Nonreversible Homoclinic Snaking
J\"urgen Knobloch, Thorsten Rie{\ss}, Martin Vielitz
TL;DR
This paper rigorously analyzes homoclinic snaking phenomena in non-reversible systems, revealing how manifold interactions and Floquet multipliers influence the existence and structure of homoclinic orbits, supported by numerical verification.
Contribution
It provides the first analytical verification of homoclinic snaking in non-reversible systems and explores the dependence on Floquet multipliers, including a nonsnaking scenario.
Findings
Homoclinic snaking occurs under specific manifold conditions.
The sign of Floquet multipliers affects snaking behavior.
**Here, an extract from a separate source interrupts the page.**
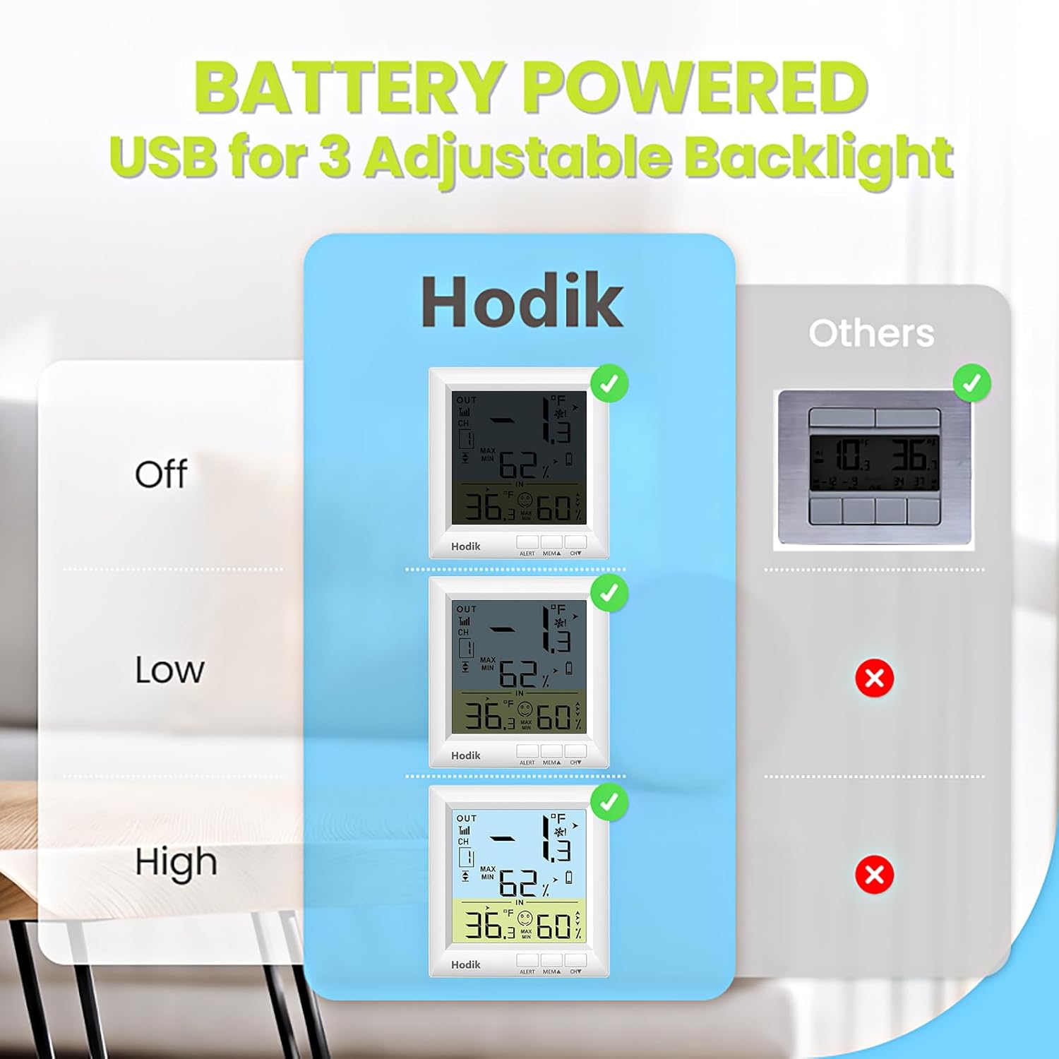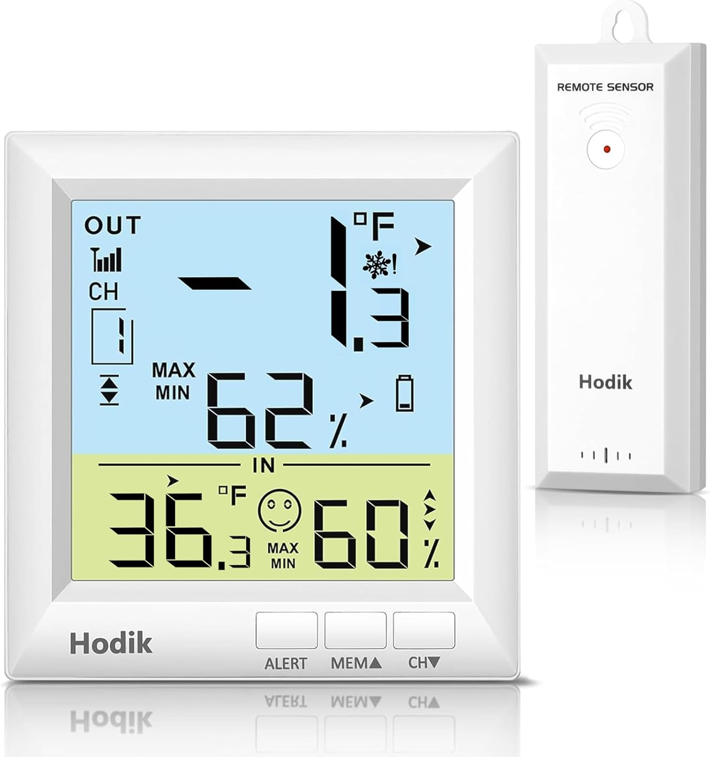 - 【Pre-calibrated Sensor】: This digital refrigerator thermometer with alarm is smart and accurate, with a temperature accuracy of ±0.5°F and humidity of ±2%. Sensor temp range: -40 °F to 158°F; humidity range: 1% to 99%, perfect for refrigerator, also widely use for different occasions.

Numerical example confirms theoretical assumptions.
Abstract
Homoclinic snaking refers to the sinusoidal snaking continuation curve of homoclinic orbits near a heteroclinic cycle connecting an equilibrium E and a periodic orbit P. Along this curve the homoclinic orbit performs more and more windings about the periodic orbit. Typically this behaviour appears in reversible Hamiltonian systems. Here we discuss this phenomenon in systems without any particular structure. We give a rigorous analytical verification of homoclinic snaking under certain assumptions on the behaviour of the stable and unstable manifolds of E and P. We show how the snaking behaviour depends on the signs of the Floquet multipliers of P. Further we present a nonsnaking scenario. Finally we show numerically that these assumptions are fulfilled in a model equation.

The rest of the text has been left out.